*** Opening of Records ***

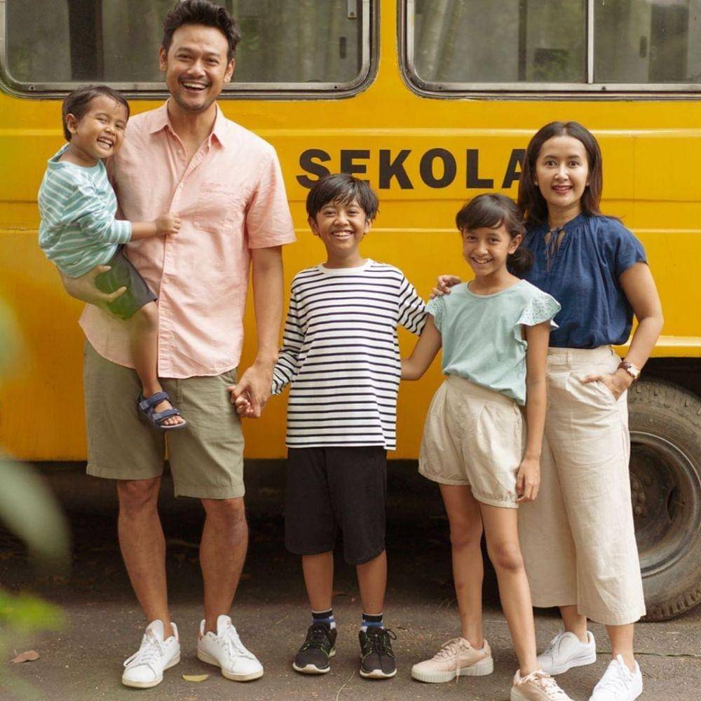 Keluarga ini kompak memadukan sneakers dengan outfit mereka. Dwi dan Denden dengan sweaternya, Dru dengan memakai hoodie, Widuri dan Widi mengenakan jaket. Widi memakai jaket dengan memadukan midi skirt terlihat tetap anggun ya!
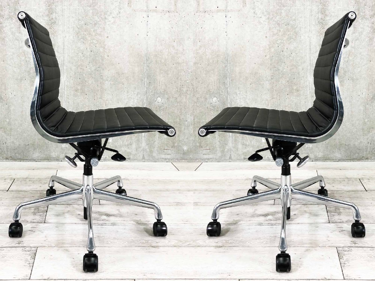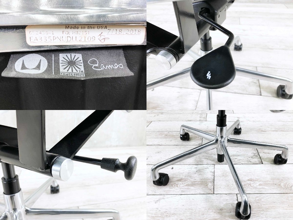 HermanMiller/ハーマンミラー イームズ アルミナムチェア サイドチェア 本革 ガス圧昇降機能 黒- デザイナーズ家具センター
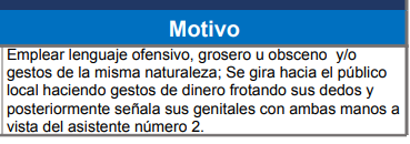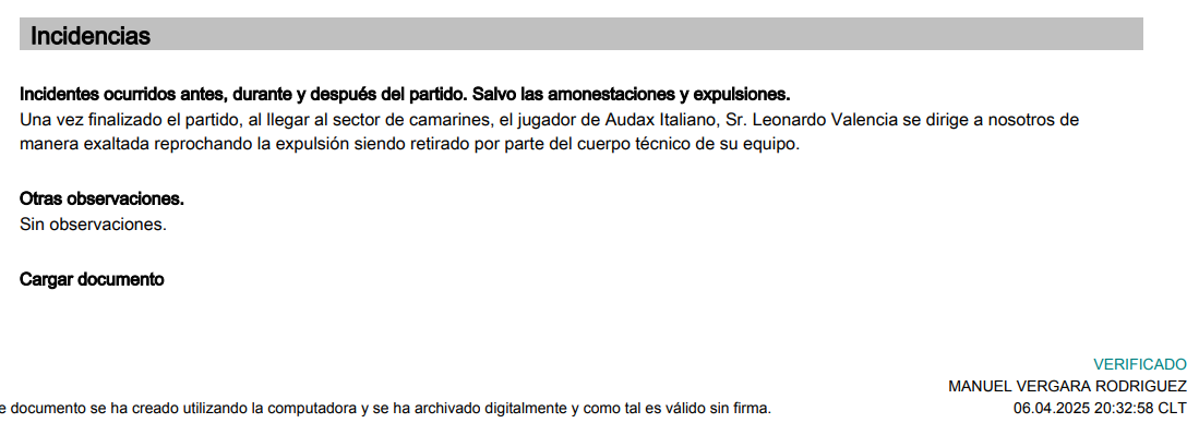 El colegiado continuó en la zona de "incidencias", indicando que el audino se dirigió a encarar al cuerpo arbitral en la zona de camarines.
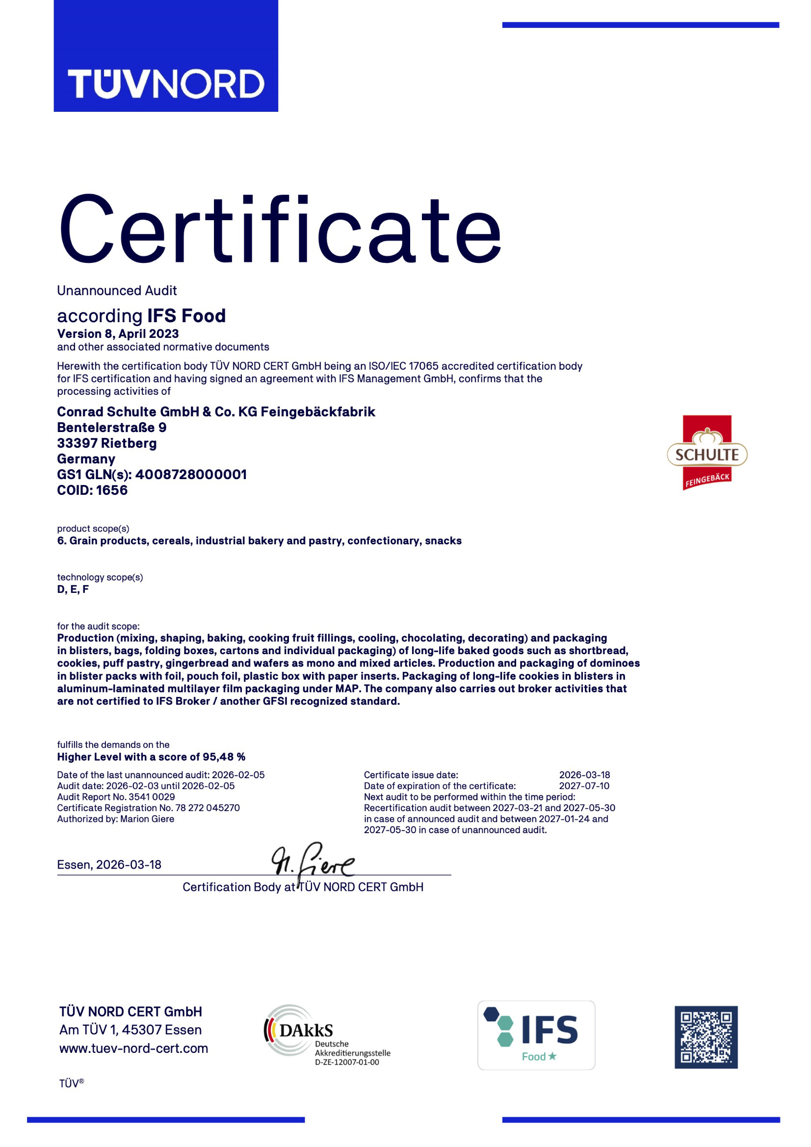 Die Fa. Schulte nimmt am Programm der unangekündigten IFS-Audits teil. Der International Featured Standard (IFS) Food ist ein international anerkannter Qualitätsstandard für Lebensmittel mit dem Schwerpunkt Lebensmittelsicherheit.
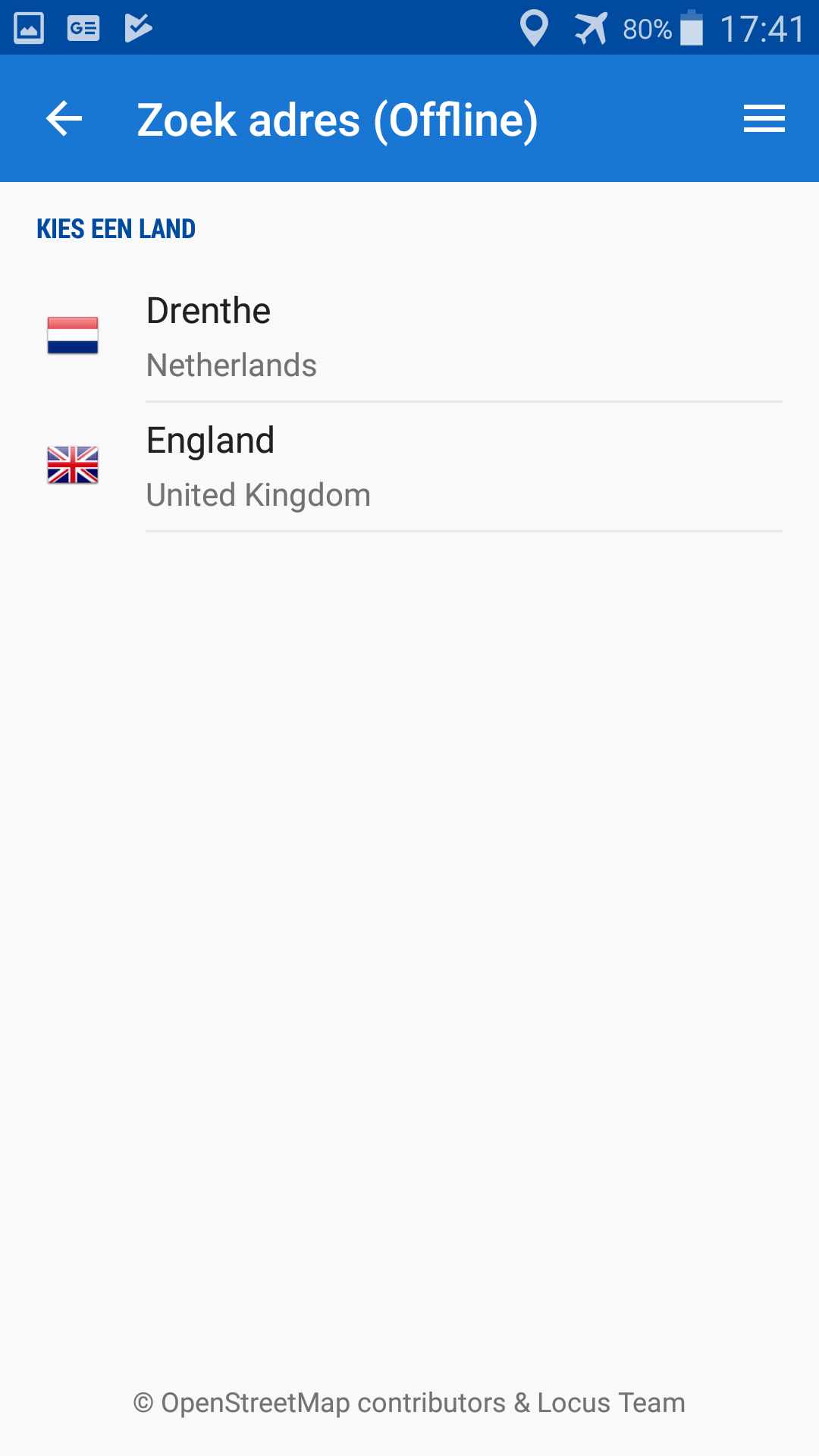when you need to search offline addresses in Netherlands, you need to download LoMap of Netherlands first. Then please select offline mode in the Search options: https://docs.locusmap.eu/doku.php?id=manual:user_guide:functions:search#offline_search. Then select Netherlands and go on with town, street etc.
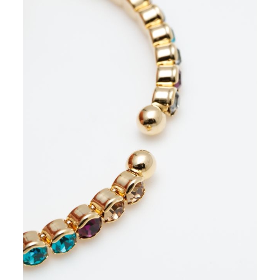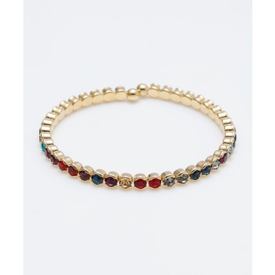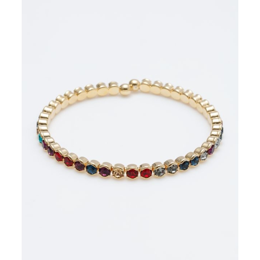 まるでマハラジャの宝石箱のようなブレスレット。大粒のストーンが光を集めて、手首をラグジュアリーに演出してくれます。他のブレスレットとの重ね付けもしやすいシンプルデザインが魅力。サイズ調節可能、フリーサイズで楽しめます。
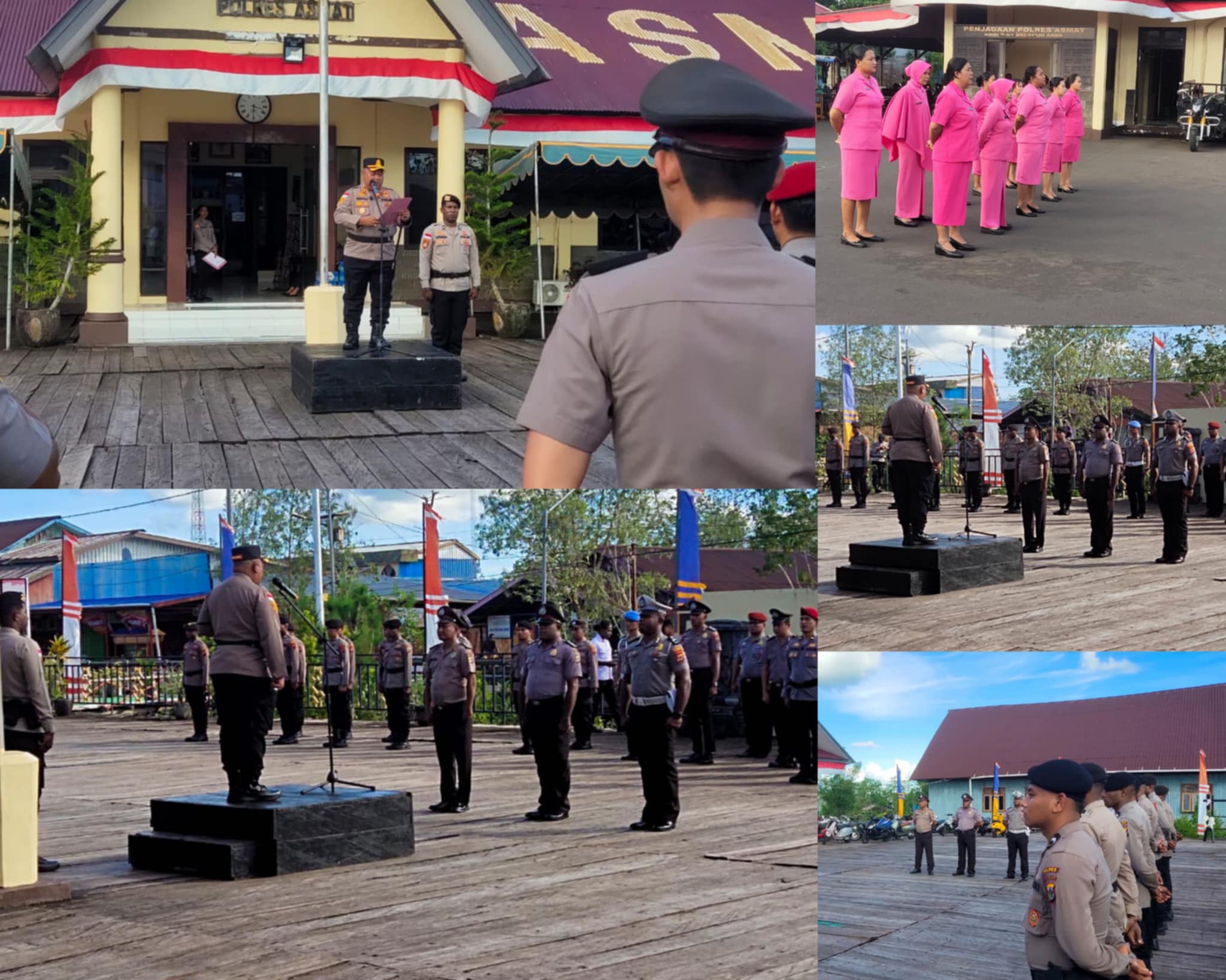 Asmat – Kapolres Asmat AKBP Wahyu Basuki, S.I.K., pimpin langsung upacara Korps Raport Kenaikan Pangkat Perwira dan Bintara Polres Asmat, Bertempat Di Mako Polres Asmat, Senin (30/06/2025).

*** Close of Records ***

# Exercise details
Every record above, copied exactly and without a single picture, makes up the answer.

# Result for this task
 Keluarga ini kompak memadukan sneakers dengan outfit mereka. Dwi dan Denden dengan sweaternya, Dru dengan memakai hoodie, Widuri dan Widi mengenakan jaket. Widi memakai jaket dengan memadukan midi skirt terlihat tetap anggun ya!
 HermanMiller/ハーマンミラー イームズ アルミナムチェア サイドチェア 本革 ガス圧昇降機能 黒- デザイナーズ家具センター
 El colegiado continuó en la zona de "incidencias", indicando que el audino se dirigió a encarar al cuerpo arbitral en la zona de camarines.
 Die Fa. Schulte nimmt am Programm der unangekündigten IFS-Audits teil. Der International Featured Standard (IFS) Food ist ein international anerkannter Qualitätsstandard für Lebensmittel mit dem Schwerpunkt Lebensmittelsicherheit.
when you need to search offline addresses in Netherlands, you need to download LoMap of Netherlands first. Then please select offline mode in the Search options: https://docs.locusmap.eu/doku.php?id=manual:user_guide:functions:search#offline_search. Then select Netherlands and go on with town, street etc.
 まるでマハラジャの宝石箱のようなブレスレット。大粒のストーンが光を集めて、手首をラグジュアリーに演出してくれます。他のブレスレットとの重ね付けもしやすいシンプルデザインが魅力。サイズ調節可能、フリーサイズで楽しめます。
 Asmat – Kapolres Asmat AKBP Wahyu Basuki, S.I.K., pimpin langsung upacara Korps Raport Kenaikan Pangkat Perwira dan Bintara Polres Asmat, Bertempat Di Mako Polres Asmat, Senin (30/06/2025).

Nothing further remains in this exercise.